═════ COLLECTED MATERIAL

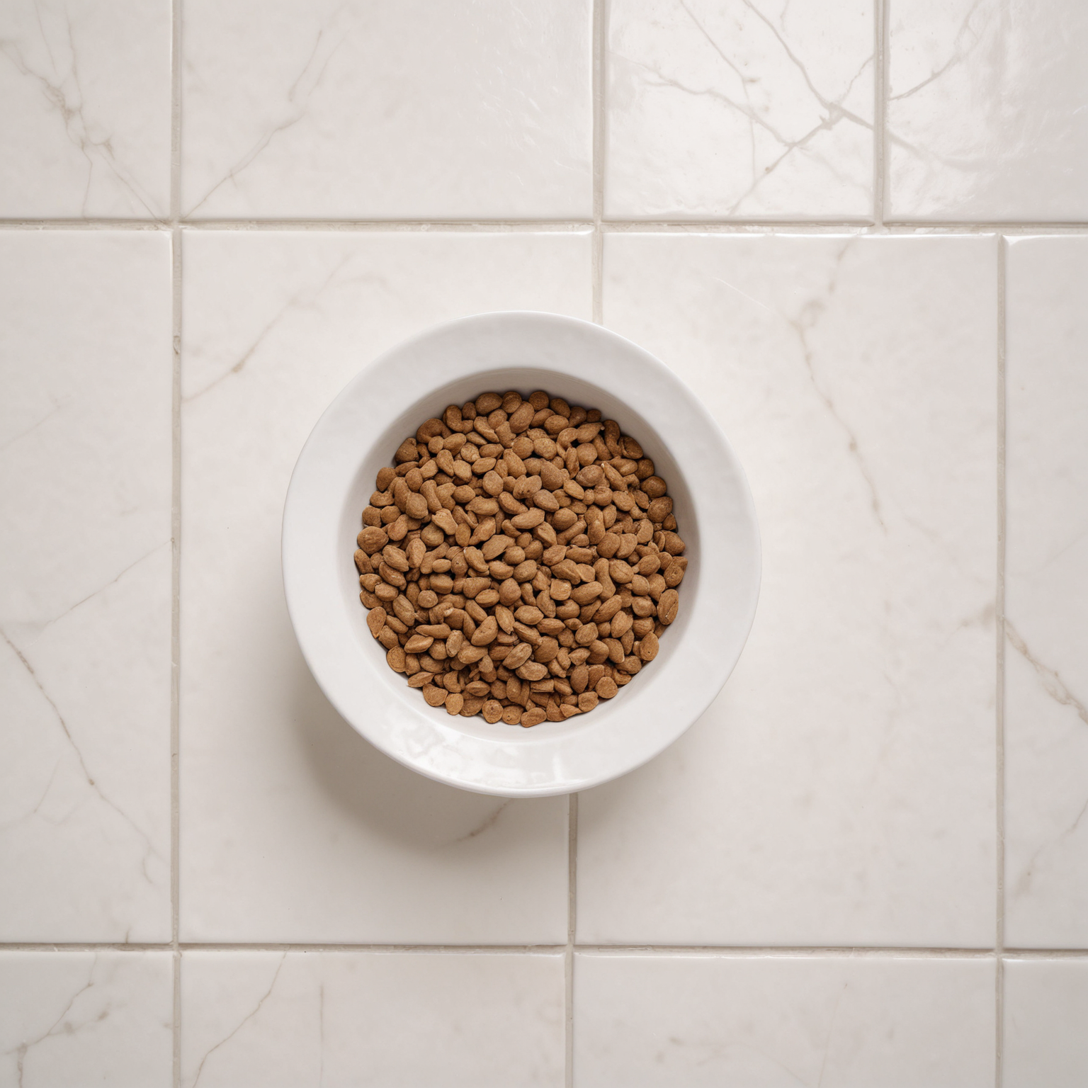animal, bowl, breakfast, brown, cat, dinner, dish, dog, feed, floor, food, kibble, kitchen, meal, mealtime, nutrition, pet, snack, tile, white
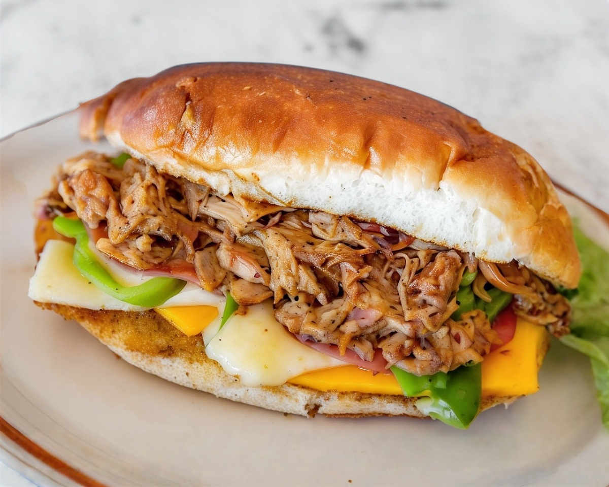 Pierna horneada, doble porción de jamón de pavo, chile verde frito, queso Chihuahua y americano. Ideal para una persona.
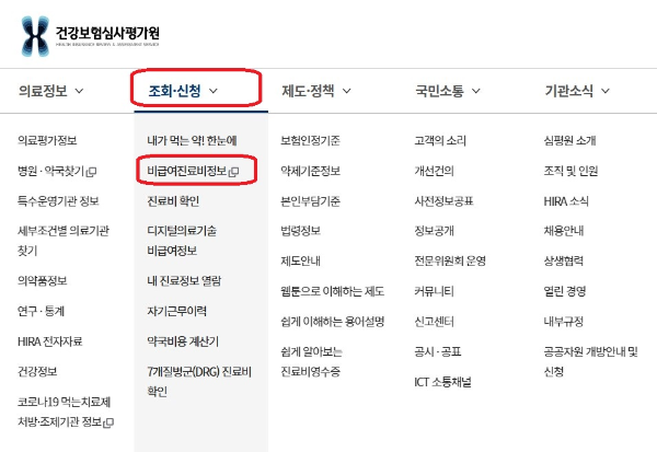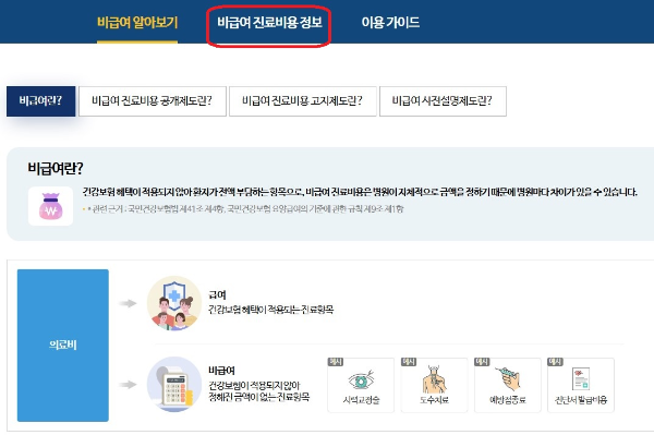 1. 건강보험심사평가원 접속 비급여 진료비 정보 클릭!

══════════

TASK REQUIREMENTS -
I'd like the material repeated word for word, without the pictures it holds.

TASK RESPONSE -
animal, bowl, breakfast, brown, cat, dinner, dish, dog, feed, floor, food, kibble, kitchen, meal, mealtime, nutrition, pet, snack, tile, white
 Pierna horneada, doble porción de jamón de pavo, chile verde frito, queso Chihuahua y americano. Ideal para una persona.
 1. 건강보험심사평가원 접속 비급여 진료비 정보 클릭!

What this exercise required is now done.